How Remediation Costs Compare in Cape May
When remediation costs are measured against Cape May home values, the resulting ratio is in the low tier — addressing documented water and safety issues here claims only a minor fraction of typical equity, and most homeowners are in a position where the financial commitment is straightforward rather than a material burden on their household budget.
Remediation costs in Cape May are relatively low compared to home values. The $950–$2,400 estimated range is a small fraction of median property value. Home values are 17% below the New Jersey average.
Cape May: Lead Risk & Vulnerable Populations
Why children are most at risk: The CDC states there is no safe level of lead exposure for children. Children under 6 absorb lead more readily than adults, and even low levels can cause developmental delays, learning difficulties, and behavioral problems.
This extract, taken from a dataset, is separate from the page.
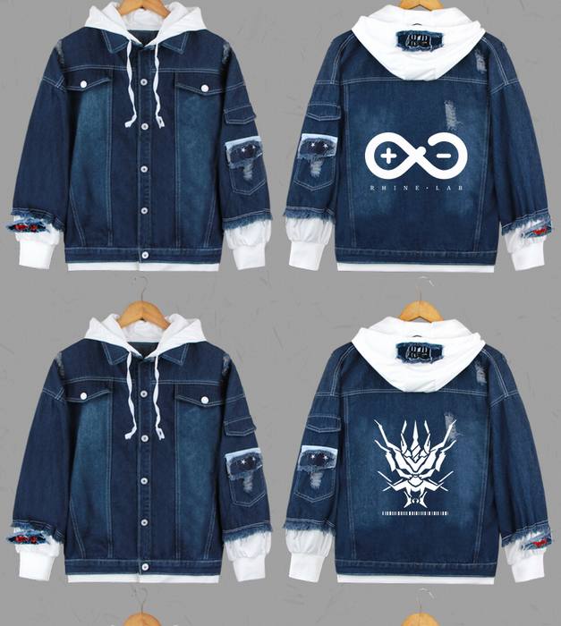 明日方舟-1 黑钢-浅色 假两件牛仔外套连帽夹克卫衣(白印花)S M L XL 2XL 3XL

If 71% of the Cape May inventory comes from before the federal ban on lead-bearing solder — and if utility samples sit at or near 0.015 mg/L — the gap between citywide averages and one specific faucet becomes a practical concern rather than a theoretical one. That is why one-home reads exist as a separate measurement. A certified filter through retailer networks addresses confirmed exposure where it appears in a household.
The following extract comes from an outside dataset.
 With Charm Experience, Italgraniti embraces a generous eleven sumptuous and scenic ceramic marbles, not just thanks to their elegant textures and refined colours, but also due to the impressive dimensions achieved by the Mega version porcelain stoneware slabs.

Sources: EPA Lead and Copper Rule, U.S. Census Bureau ACS, CDC childhood lead poisoning prevention guidelines.
Cape May: Flood History & Water Damage Risk
Because Cape May's NFIP claim count reaches 1482 and 100% of ZIP codes fall within FEMA-designated flood zones, flood exposure here operates differently than it does in lower-claim communities. In areas with isolated flood events, water-quality infrastructure can typically absorb the stress and recover between events. In communities with repeated high-volume flooding, treatment plants face recurring overload conditions, private wells in FEMA-designated zones accumulate repeated infiltration episodes, and distribution systems experience repeated pressure events that can drive backflow. The claim record for this area points to that second category: a flood environment where water infrastructure stress is periodic and documented, not theoretical.
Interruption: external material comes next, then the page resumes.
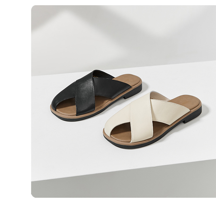 ZHR则则包头拖鞋女2024夏季ins时尚休闲简约交叉凉拖外穿复古半拖

Cape May has a significant flood history with 1,482 FEMA flood insurance claims on record, averaging $8,195 per claim. With 100% of ZIP codes in FEMA-designated flood zones, flood risk is a major concern for homeowners and water quality.
How flooding affects water quality: Flood events can introduce sewage, agricultural runoff, and industrial chemicals into water supplies. Even after floodwaters recede, contamination can persist in wells and aging infrastructure. Flood damage can add significantly to the estimated <strong>$1,500</strong> remediation cost per household.
Residents in flood-prone areas should consider flood insurance even outside FEMA zones — over 25% of flood claims come from low-to-moderate risk areas. After any flood event, test your water before drinking.